The Northern Electricity Distribution Company (NEDCo) has announced a monthly loss of GH¢8.5 million in revenue to power theft and non-payment of bills and appealed to journalists to support it in educating power consumers to pay their bills for the company to remain in operations.

If a story in today’s issue of the Ghanaian Times is anything to go by, then it can be concluded that the Acting Managing Director of NEDCo, Mr Noble Dormenu, made the announcement and the appeal amid indescribable desperation.

The following quoted question: “If the customers don’t pay for power, how do we buy energy again to distribute?” which is attributed to Mr Dormenu is enough to paint that level of desperation.

However, the Ghanaian Times thinks the expression of the desperation should stem from actions the company has taken but have failed to yield results.

What steps have the NEDCo taken to retrieve the bills or stop the theft? What has been the response of its customers?

Journalists can disseminate the appeal to the customers to pay

their bills or the thieves to stop stealing power but how can that be done on a sustained basis, considering the fact that NEDCo is not the only entity whose problems must be reported by the media?

NEDCo has to review its current strategies of collecting bills if they are not working enough and go a step further to execute whatever strategies they would adopt on a sustained basis.

No effort is enough once it is not yielding the expected result(s).

Even without ascertaining its capital, it can be concluded that NEDCo would collapse in no time once it continues losing as much as GH¢8.5 million a month in the Ghanaian economy, without its management taking stern action(s), including prosecutions, to stem the problems.
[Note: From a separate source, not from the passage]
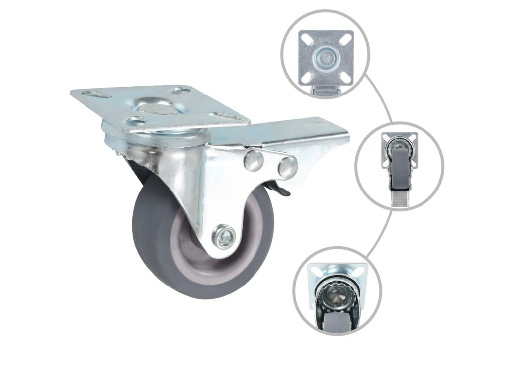 Kolečka jsou vyrobená z TPR (termoplastické gumy), která je známá pro svou schopnost pohlcovat nárazy a vibrace. Ať už tedy kolečka namontujete na cokoliv, budete to moci přesouvat hladce a v tichosti. Jejich hladký povrch navíc ochrání vaši podlahu před poškrábáním. Zinkem potažený ocelový rám je odolný proti rzi, dodává kolečkům na odolnosti a prodlužuje jejich životnost. Otočná kolečka jsou vybavená brzdou pro flexibilnější ovládání. Každé kolečko má maximální nosnost až 35 kg.
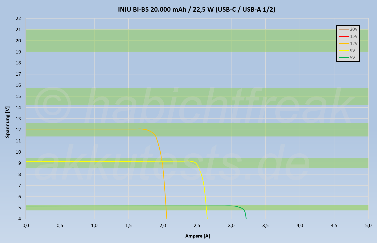 Die einzige Herstellerangabe die ich finden konnte, die ich nicht bestätigen kann, sind die 4,5A die die USB-A Ports bei 5V liefern sollen. Mehr als 3,1A liefern sie bei mir nicht. Möglicherweise wird diese Leistung nur erreicht, wenn man das richtige Schnellladeprotokoll simuliert. Da über 4A bei 5V eine absolute Nischenanwendung sein dürfte, sei der Punkt nur der Vollständigkeit erwähnt. Wirklich kritisch sehe ich die „nur“ erreichten 3,1A nicht. Denn mir ist kein Gerät bekannt, dass heutzutage bei mehr als 15W Ladeleistung zwingend 5V benötigt. 99% aller Geräte am Markt dürften 9 oder 12V unterstützen, so wie auch die BI-B5.

And the collapse of NEDCo would amount to loss of jobs and cut of power to its innocent customers, both domestic and commercial, and the repercussions would be immeasurable.

Can NEDCo’s case be classified as an example of the cases of negligence and management’s attitude of sleeping on the job typical of indigenous state companies, all because managements can go scot-free even where it is clear  the collapse of the entities is due to their making?

Why should managements of public organisations look on till the worst happens before they try fire-fighting approaches to address the problems?

Is it due to their lack of the acumen to be proactive or they may have probably siphoned all they need from the organisations because they know they would suffer no punishment for the loss of life lines for others?

What punishments were given to the managements of such collapsed public companies as Ghana Airways, State Fishing and Food Distribution corporations; Black Star Line Shipping Company and Bank for Housing and Construction?

The country cannot afford the collapse of NEDCo in an era when jobs are hard to come by and unemployment is already stinging even university graduates and others in their productive years.

Fortunately NEDCo knows the sources of its predicament – power theft and non-payment of bills – and so should act to reverse the situation.